Whitewashing And Inequality In Hollywood: Why Are They So Persistent?
Just 15 years ago, there was a historical breakthrough at the Academy Awards.
Halle Berry became the first Black woman to win an award for Best Actress in a Leading Role the same night that Denzel Washington became the second Black man to win an award for Best Actor in a Leading Role.
In 2011 and 2016, no nominations were given to a Black person in any of the major categories at the Academy Awards.
So why is there still a misrepresentation in film and TV when we’ve come this far?
From Black Girl Nerds, a site that welcomes girls of all races, but was “called Black Girl Nerds because it is a term that is so unique and extraordinary, that even Google couldn’t find a crawl for the phrase and its imprint in the world of cyberspace.” Story by Maia Morgan.

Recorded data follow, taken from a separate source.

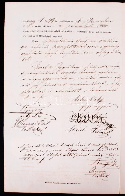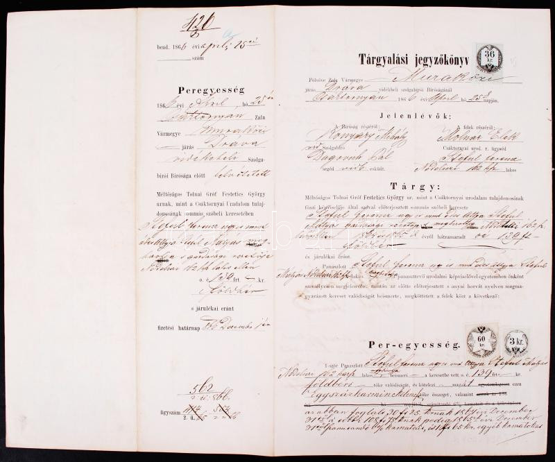 Leírás: 1866 Csáktornya, Tárgyalási jegyzőkönyv gróf Festetics György által előterjesztett kereset ügyében, illetékbélyegekkel.
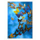 Viele farbenfrohe Schmetterlinge fliegen zusammen über einen weichen blauen Hintergrund von Wolken in einer Kurve.
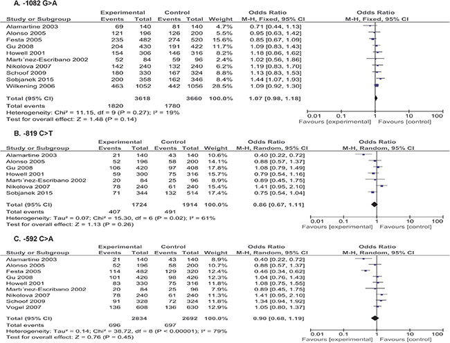 Figure 2: Forest plots of skin cancer risk associated with IL-10 gene –1082G>A, –819C>T and –592C>A polymorphisms (A–C) in the allele contrast (A vs. G; T vs. C; A vs. C, respectively).
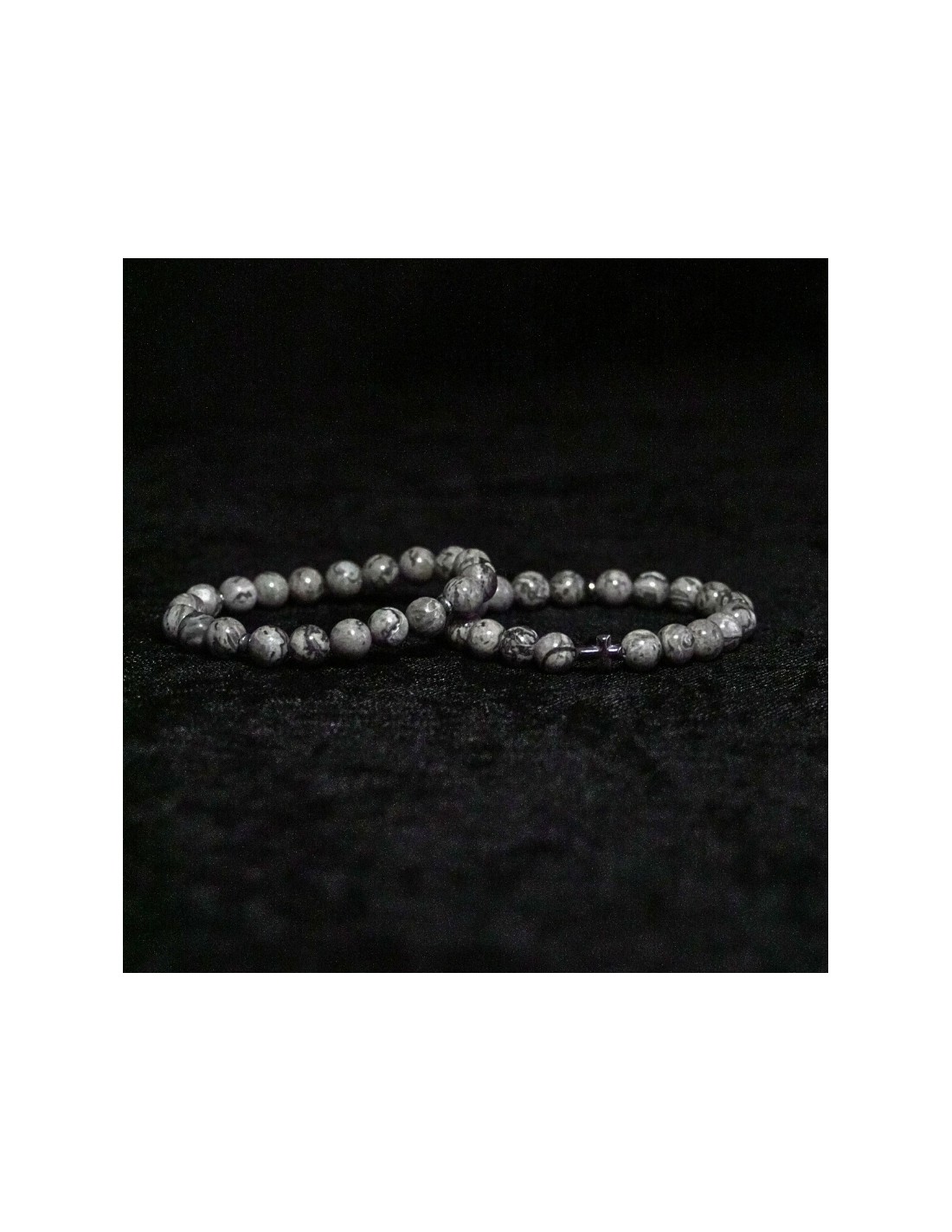 Użyto: kamień naturalny, przekładki (krzyż) z hematytu, żyłka jubilerska.
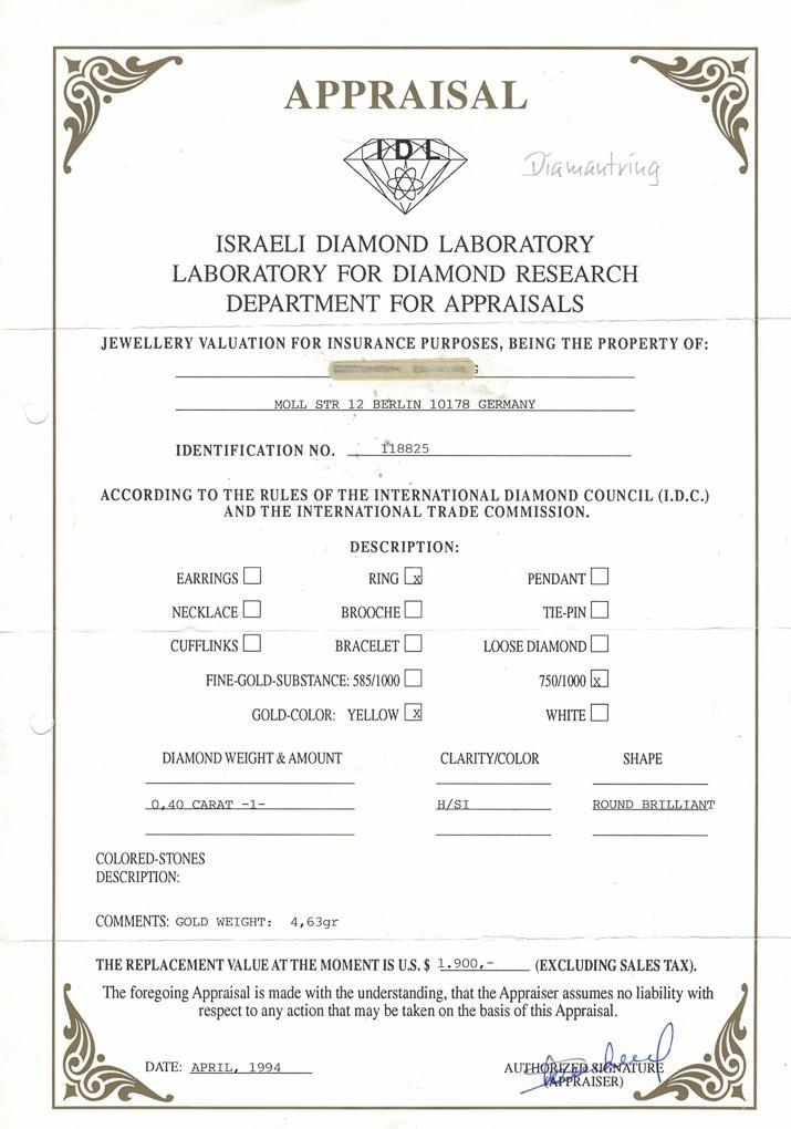 Yellow gold 750 stamped. Diamond 0.40 ct/H/si. Ring size 55. 4.5 g.
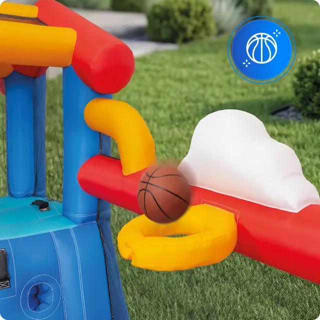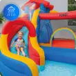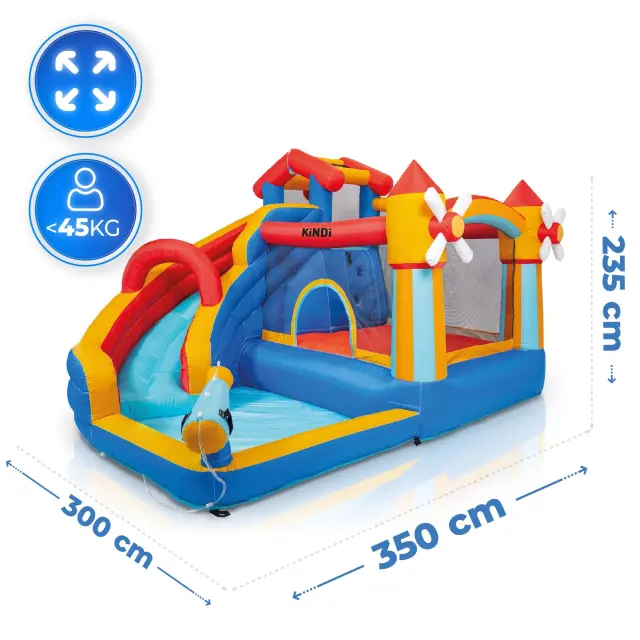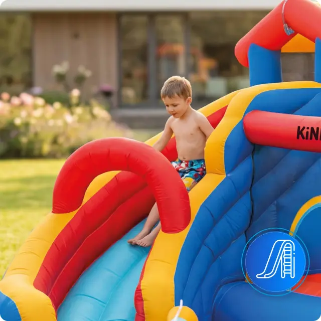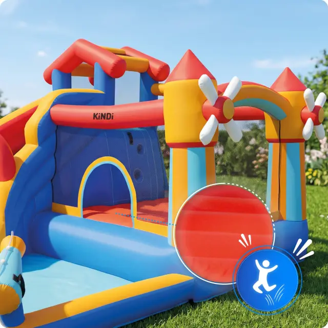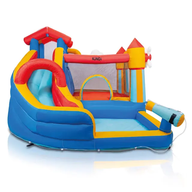 KiNDi DPZ003 je napredno vrtno igrišče, ki združuje skakalno površino, visok tobogan in velik sprednji bazen. Barvita in dinamična zasnova pritegne pozornost ter ustvari pravo cono aktivne zabave. Primerno za domačo uporabo – idealno za pomladno-poletno sezono. V suhem načinu lahko bazen služi kot prostor za pristanek ali bazen z žogicami.
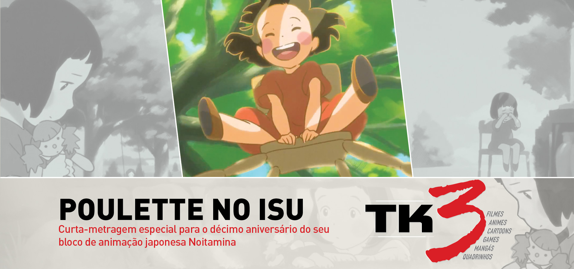 Fuji TV acaba de lançar “Poulette no Isu” (A Cadeira da Poulette), um curta-metragem especial para o décimo aniversário do seu bloco de animação japonesa Noitamina, durante o evento Noitamina Line Up 2014. Hiroyasu Ishida, o animador mais conhecido pelo popular curta “Confissão de Fumiko” dirigiu seu novo curta em parceria com o Studio Colorido. Yõjiro Arai (From Up On Poppy Hill e The Secret World of Arrietty) criou os personagens, e foi responsável pela direção de animação.

According to Wilson Morales, editor at Blackfilm.com, “Hollywood hasn’t developed the kind of market research or promotional infrastructure to reach minority audiences effectively,” The Guardian reported.
Black audiences are underrated and the studios are unsure how to reach them as a whole.
Marketability is really the fundamental reason as to why there is still a lack of diversity in the actors portrayed on film.
Money and box office returns are the studio’s main concern. The most acclaimed Black movie stars who usually pull in good box office receipts have been fairly inconsistent in the past few years.
Will Smith hasn’t had a movie gross more than $150 million since 2012’s “Men in Black 3” and Denzel Washington had a solid hit with “The Equalizer” in 2014, while most of the movies he starred in prior to that didn’t pull in the numbers for someone of his caliber.
Halle Berry only does well box-office wise because of her involvement with the X-Men franchise. As you can see, this makes studios very nervous. Their big-name Black stars aren’t pulling in the millions they want to see and they don’t always want to meet their hefty salaries. They also find it risky to cast unknown Black actors because they think the general audience will find them unappealing, so the next logical step is to cast a White actor in that role.
One of the most frustrating aspects of the lack of diversity is the “Whitewashing” of Hollywood: when a character was originally written as a minority is cast with a White actor in the film version. Most actors of color can agree that trying to find roles are hard enough, but when they are changed and given to White actors, it can be infuriating.
Recently, two characters in very popular franchises — “Doctor Strange” and “Ghost in the Shell” — had their Asian characters cast with White actresses. These two are just the tip of the iceberg of a lot of characters that were originally meant to be other races but all cast with White actors in the role. You can see some of the worst offenders here.
The studios claim that marketability seem to play a role in the casting, but movies with Asian leads have had really good box office returns including the “Rush Hour” trilogy ($850 million), the “Charlie’s Angels” films ($523 million), “Crouching Tiger, Hidden Dragon” ($213 million), and “Pacific Rim” ($411 million).
The Bunche Center for African-American Studies at UCLA did a study on Hollywood Diversity. They found that from 2013-2014, films with relatively diverse casts enjoyed the highest box office receipts and returns. They also discovered minorities accounted for the majority of ticket sales for four of the top 10 films in 2014.
Anyone can see that these films make money and minorities are going out to see these movies, so why are movies still casting these film with primarily White actors and little to no diversification?
The answer’s easy: Hollywood is composed of straight, old, White men. Of the more than 450 Hollywood executives who make all the powerful decisions regarding the films that are made, 96 percent are White, 87 percent male and the average age is 65 years old. Those who direct films are 82 percent White and 94 percent male and the people who write films are 88 percent White and 87 percent male. The three major talent agencies that represent directors, writers, and actors are also mostly White.
“White employees make up 87.8 percent of the executive staff in finance, legal, and other areas of agency operations.” Minority talent is overwhelmingly underrepresented.
Hollywood has to change from the foundation up. Diversification needs to start up top with the executives and the major talent agencies and then it will begin to trickle down talent wise. But that shouldn’t be the end of it. Minorities essentially have to write and create their own projects.
As actor Anthony Mackie put it, Black people have gotten “lazy in our game … if we don’t tell our stories we can’t expect someone else to tell them for us.”